*DATA SEGMENT*:
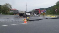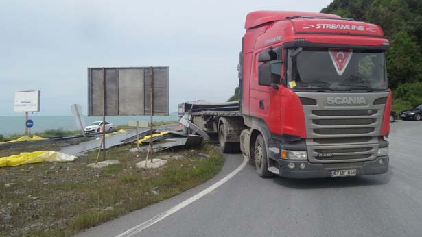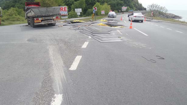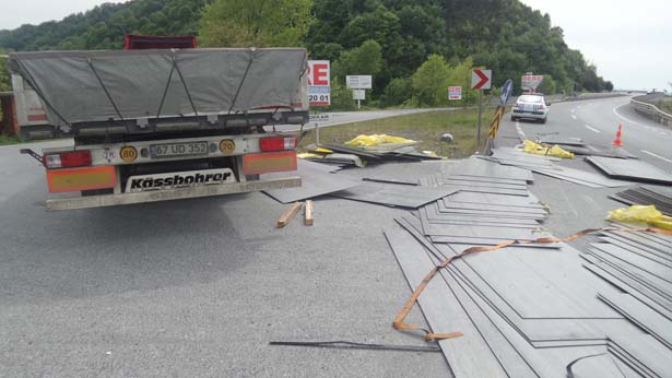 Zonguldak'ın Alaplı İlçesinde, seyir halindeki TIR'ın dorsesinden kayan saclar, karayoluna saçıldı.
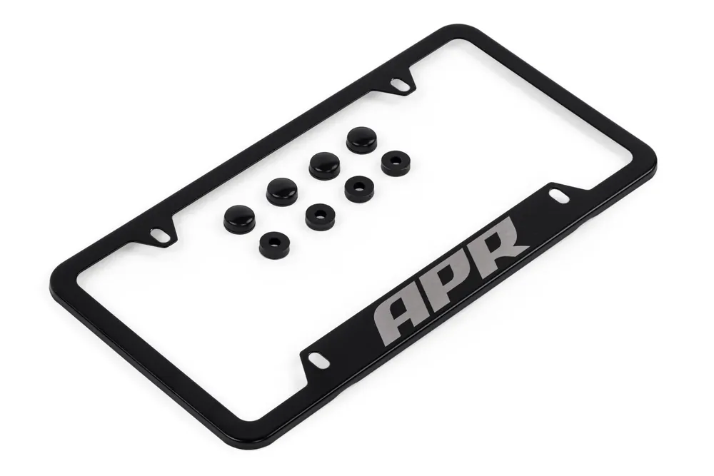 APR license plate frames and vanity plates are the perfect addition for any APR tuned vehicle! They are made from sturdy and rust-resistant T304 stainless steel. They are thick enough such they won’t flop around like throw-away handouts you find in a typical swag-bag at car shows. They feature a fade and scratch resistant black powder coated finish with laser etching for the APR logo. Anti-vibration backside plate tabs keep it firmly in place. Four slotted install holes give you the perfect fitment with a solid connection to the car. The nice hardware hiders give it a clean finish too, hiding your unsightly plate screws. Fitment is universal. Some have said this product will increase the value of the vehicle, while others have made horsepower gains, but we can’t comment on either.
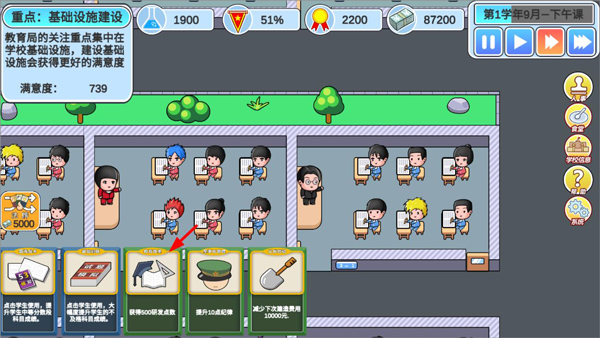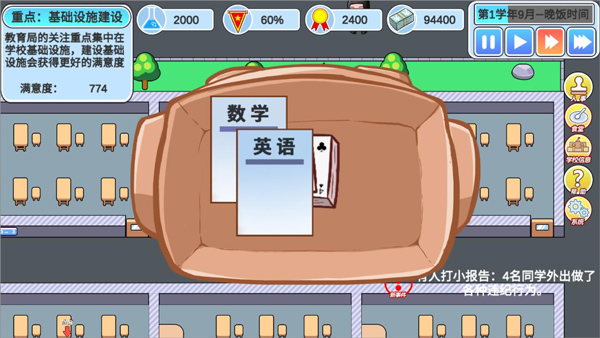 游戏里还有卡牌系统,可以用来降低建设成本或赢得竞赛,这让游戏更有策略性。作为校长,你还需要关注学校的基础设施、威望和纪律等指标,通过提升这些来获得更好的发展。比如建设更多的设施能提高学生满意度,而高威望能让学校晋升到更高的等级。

*WHAT YOU SHOULD DO*:
Give back the listing unchanged. Strip out the pictures.

*EXERCISE RESPONSE*:
 Zonguldak'ın Alaplı İlçesinde, seyir halindeki TIR'ın dorsesinden kayan saclar, karayoluna saçıldı.
 APR license plate frames and vanity plates are the perfect addition for any APR tuned vehicle! They are made from sturdy and rust-resistant T304 stainless steel. They are thick enough such they won’t flop around like throw-away handouts you find in a typical swag-bag at car shows. They feature a fade and scratch resistant black powder coated finish with laser etching for the APR logo. Anti-vibration backside plate tabs keep it firmly in place. Four slotted install holes give you the perfect fitment with a solid connection to the car. The nice hardware hiders give it a clean finish too, hiding your unsightly plate screws. Fitment is universal. Some have said this product will increase the value of the vehicle, while others have made horsepower gains, but we can’t comment on either.
 游戏里还有卡牌系统,可以用来降低建设成本或赢得竞赛,这让游戏更有策略性。作为校长,你还需要关注学校的基础设施、威望和纪律等指标,通过提升这些来获得更好的发展。比如建设更多的设施能提高学生满意度,而高威望能让学校晋升到更高的等级。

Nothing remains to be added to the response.